Volume 22 No. 3 May 2002
THE CALIFORNIA NATIVE PLANT SOCIETY
Volume 22 No. 3 May 2002
Our next chapter meeting will be at 7:00 on May 29 at the Methodist Church in Independence. Steve Hartman will be our speaker with a talk titled "How to Find Birds in the Desert". Many people think the desert is a lifeless wasteland of scrubby plants and cactus. Steve will explain that many areas of the desert are literally bird oases - of course, if there is water. But even if there isn't water on the surface, there are important desert tree and shrub species that only occur where water flows underground - particularly in desert washes. Steve will review the various desert plant communities and habitats that seem to attract birds, as well as identify particular areas where birdwatching can be very rewarding.
NEXT CHAPTER BOARD MEETING
Tuesday, May 21 at 7:00 p.m. at Kathy Duvall’s residence. All chapter members are welcome and encouraged to attend. Please call Kathy at 872-1466 for directions.

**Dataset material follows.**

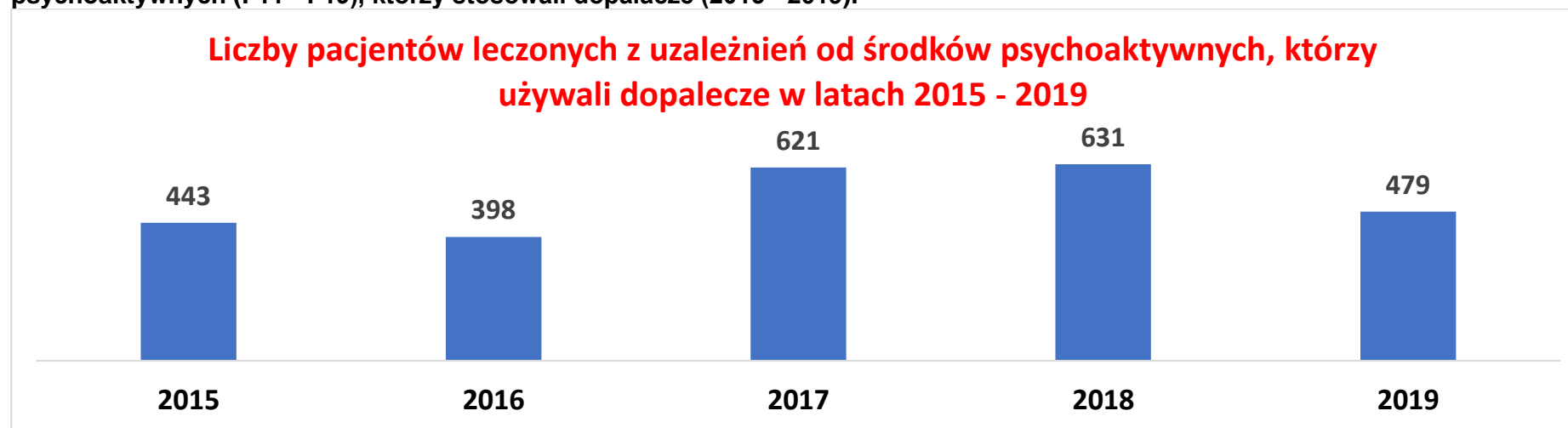
Rysunek nr 2. Liczby pacjentów leczonych w podmiotach leczniczych województwa podkarpackiego z uzależnień od substancji psychoaktywnych (F11 - F19), którzy stosowali dopalacze (2015 - 2019).

Here in the Eastern Sierra we like to think of ourselves as residents of one of the most beautiful and undeveloped parts of California. Other than our Spring Sojourns, we rarely get the opportunity to show other CNPS people what our area has to offer. But on May 31-June 2, our chapter will have the privilege of hosting the state Board of Directors and Chapter Council meetings at the Bernasconi Center outside of Big Pine. It has been a long time since the Bristlecone Chapter has hosted the state meeting, and we're looking forward to having some of the CNPS board members and chapter presidents here in "Bristlecone Territory." And don't forget about the variety of field trips this spring and summer! Even in such a dry year, our field trips are a great way to get out and try your botanical identification skills on dead or less than vigorous plants. It's also a good way to gain perspective as to how lousy a flowering season can really be, or conversely, how incredibly wonderful a floriforous spring can be. So think of it as a challenge, an avenue for historical perspective, and a good excuse to get out to a new place with interesting people. Come on El Niño!
…..... Stephen Ingram
The Bristlecone Chapter and Sierra Nevada Aquatic Research Laboratory (SNARL) are co-sponsoring a lecture "Success Stories in Restoration of California Native, Perennial Grasses" by Mark Stromberg on Thursday, May 16, 7:00 PM at the Green Church (Hwy 395 and Benton Crossing Road.) Mark Stromberg is Reserve Director at Hastings Natural History Reservation, University of California Natural Reserve System. The lecture is free and refreshments will be served.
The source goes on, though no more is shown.